Can I live on just the Age Pension and $5000 a month?
No. The full Age Pension is about $1000 a month for a single person. If you’re getting $5000 a month total, that means you’re likely drawing from super, investments, or other income sources. The Age Pension alone won’t get you anywhere near $5000. Most people who live on $5000 a month combine Age Pension with super withdrawals, rental income, or part-time work.
What happens if inflation goes up after I retire?
If your pension doesn’t increase with inflation, your buying power drops every year. In 2025, Australia’s inflation rate is 3.2%. That means your $5000 today will only buy what $4300 bought in 2020. If your super or income doesn’t adjust, you’ll need to cut back on food, travel, or healthcare. Always choose investment options that offer indexation or inflation-linked payouts.
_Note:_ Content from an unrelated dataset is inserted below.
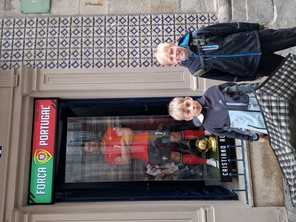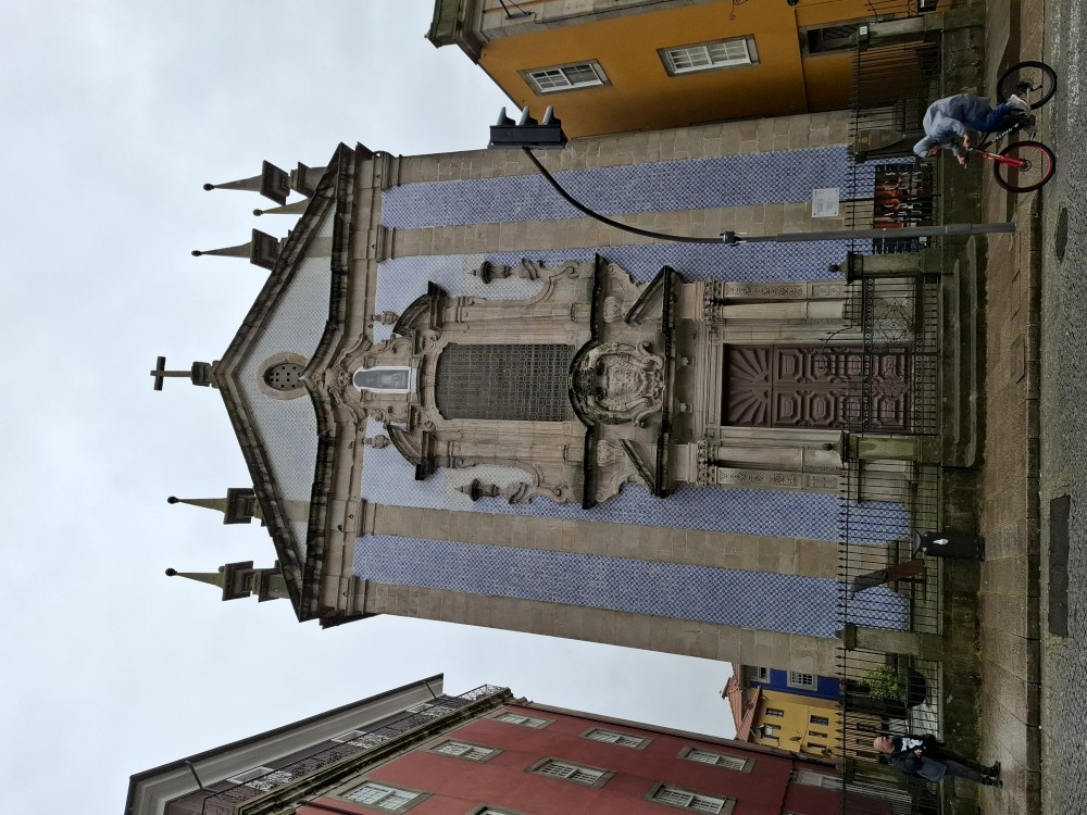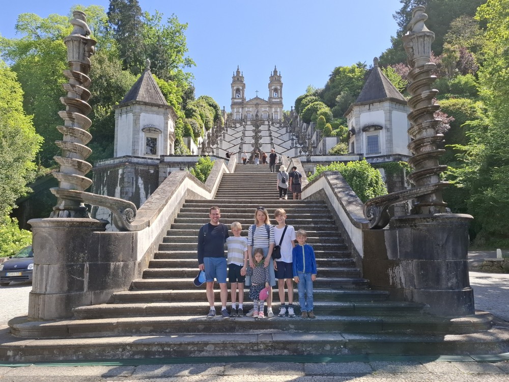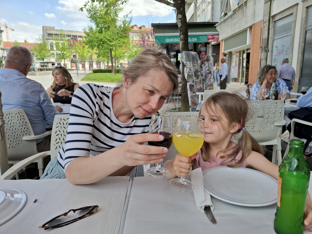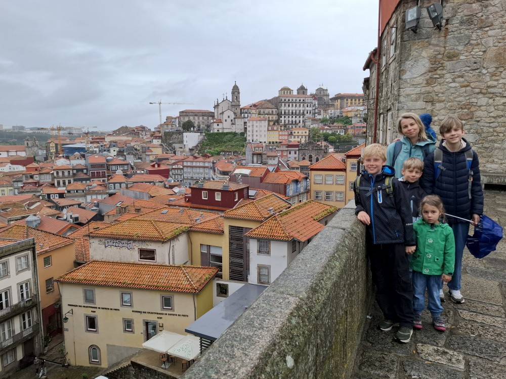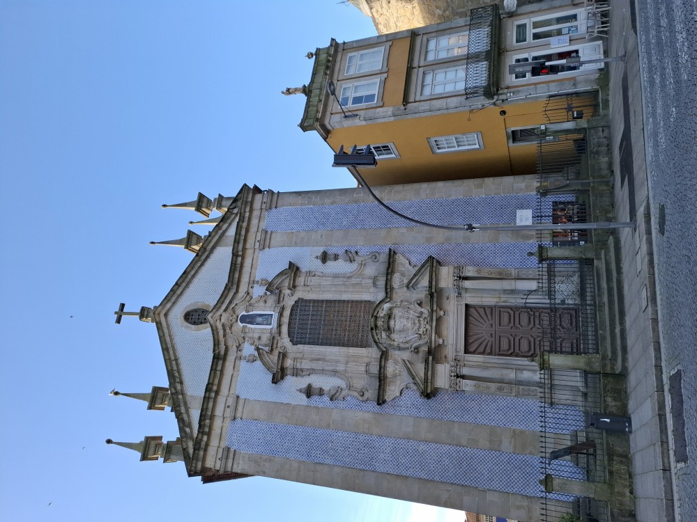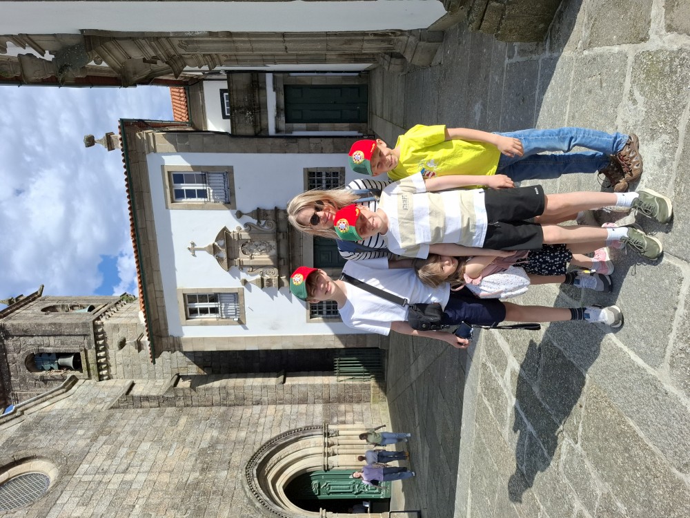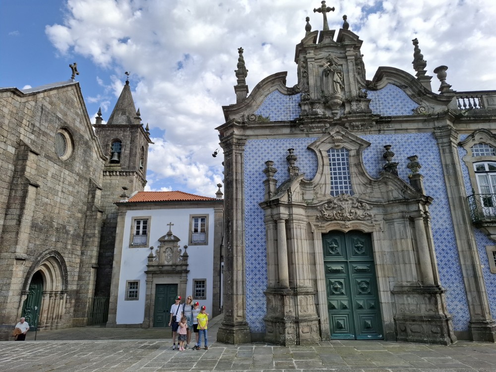 Ochutnáváme také portské víno. Kluci si dávají citronovou limonádu. Po obědě vyrážíme na procházku centrem. Zastavujeme v kostele s interiérem zdobeným Azulejos, dlaždičkami. Procházíme kolem městské věže a jdeme na zmzlinu. U katedrály Panny Marie kupujeme v suvenýrovém obchodě všem klukům portugalské kšiltovky. Dokončujeme okruh, sedáme do auta a pokračujeme do Guimarães.
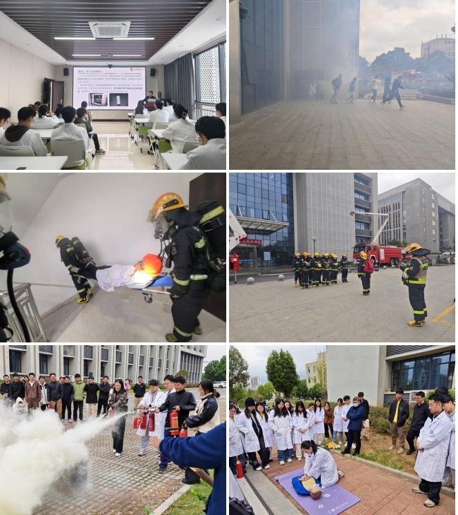 本次演练围绕“实验室干燥箱着火”典型隐患,设置“理论讲解—场景模拟—实操培训”全链条环节。演练前,资实处工作人员通过剖析真实事故案例,讲解隐患诱因;模拟火灾场景启动后,师生在引导下有序疏散撤离;消防救援大队演示“火情侦察”“模拟营救”流程;校医院医护人员开展心肺复苏急救培训;保卫处工作人员演示手提式干粉灭火器操作方法并组织学生实操。

Should I buy an annuity to guarantee $5000 a month?
An annuity can guarantee a fixed monthly payment for life, but they’re expensive and inflexible. In 2025, an annuity paying $5000 a month would cost around $1.2 million upfront. You lose access to your capital, and if you pass away early, your family gets nothing. Only consider this if you’re risk-averse, have no other income, and want certainty over flexibility.
Can I work part-time and still get the Age Pension?
Yes. You can earn up to $480 a fortnight (about $1040 a month) from part-time work and still get the full Age Pension. If you earn more, your pension reduces by 50 cents for every dollar over the limit. Many retirees work 10-15 hours a week to top up their income without losing benefits.
What’s the biggest mistake retirees make with $5000 a month?
They assume it’s enough and don’t plan for emergencies. The biggest risk isn’t running out of money-it’s running out of money because of one big expense: a medical bill, a broken roof, or helping a family member. Retirees who survive longest keep a $20,000-$30,000 emergency fund and avoid lifestyle creep.
What to Do Next
If you’re close to retirement and wondering if $5000 a month is enough:
- Run your numbers using the MoneySmart Retirement Planner.
- Get a free super review from your provider.
- Speak to a fee-only financial adviser who doesn’t sell products.
- Start downsizing now if you’re in a large home.
- Build your emergency fund-even $500 a month adds up.
Retirement isn’t about how much you have. It’s about how well you’ve planned for the unexpected. $5000 a month gives you options-but only if you’ve prepared for the costs you haven’t thought of yet.